Task objective >> Exact transcription of the data below is required, without the images.

Stored data >>
<<<<

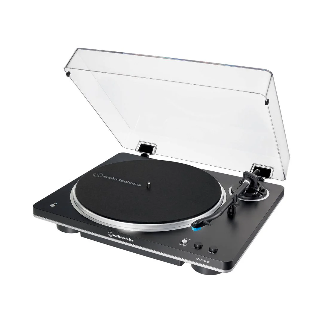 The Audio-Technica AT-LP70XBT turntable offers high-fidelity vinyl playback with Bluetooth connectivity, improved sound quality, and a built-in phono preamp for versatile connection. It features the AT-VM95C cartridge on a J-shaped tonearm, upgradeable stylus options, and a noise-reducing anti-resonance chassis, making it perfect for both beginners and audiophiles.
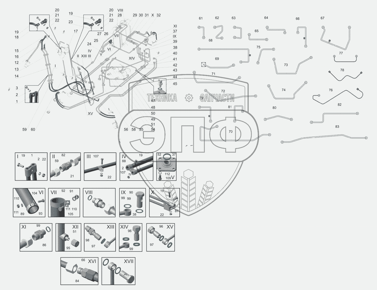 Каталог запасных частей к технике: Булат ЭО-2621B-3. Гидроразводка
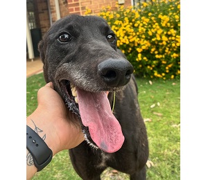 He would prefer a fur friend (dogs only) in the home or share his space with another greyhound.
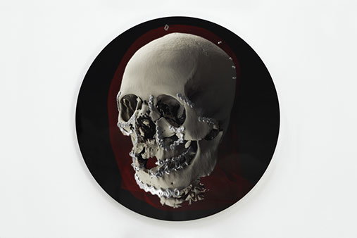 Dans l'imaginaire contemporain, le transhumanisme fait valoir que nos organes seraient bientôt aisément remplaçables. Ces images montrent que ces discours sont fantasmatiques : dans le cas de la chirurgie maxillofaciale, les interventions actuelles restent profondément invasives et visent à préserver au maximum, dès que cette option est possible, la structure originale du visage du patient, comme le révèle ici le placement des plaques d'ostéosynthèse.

>>>>

Answer to this task >>
 The Audio-Technica AT-LP70XBT turntable offers high-fidelity vinyl playback with Bluetooth connectivity, improved sound quality, and a built-in phono preamp for versatile connection. It features the AT-VM95C cartridge on a J-shaped tonearm, upgradeable stylus options, and a noise-reducing anti-resonance chassis, making it perfect for both beginners and audiophiles.
 Каталог запасных частей к технике: Булат ЭО-2621B-3. Гидроразводка
 He would prefer a fur friend (dogs only) in the home or share his space with another greyhound.
 Dans l'imaginaire contemporain, le transhumanisme fait valoir que nos organes seraient bientôt aisément remplaçables. Ces images montrent que ces discours sont fantasmatiques : dans le cas de la chirurgie maxillofaciale, les interventions actuelles restent profondément invasives et visent à préserver au maximum, dès que cette option est possible, la structure originale du visage du patient, comme le révèle ici le placement des plaques d'ostéosynthèse.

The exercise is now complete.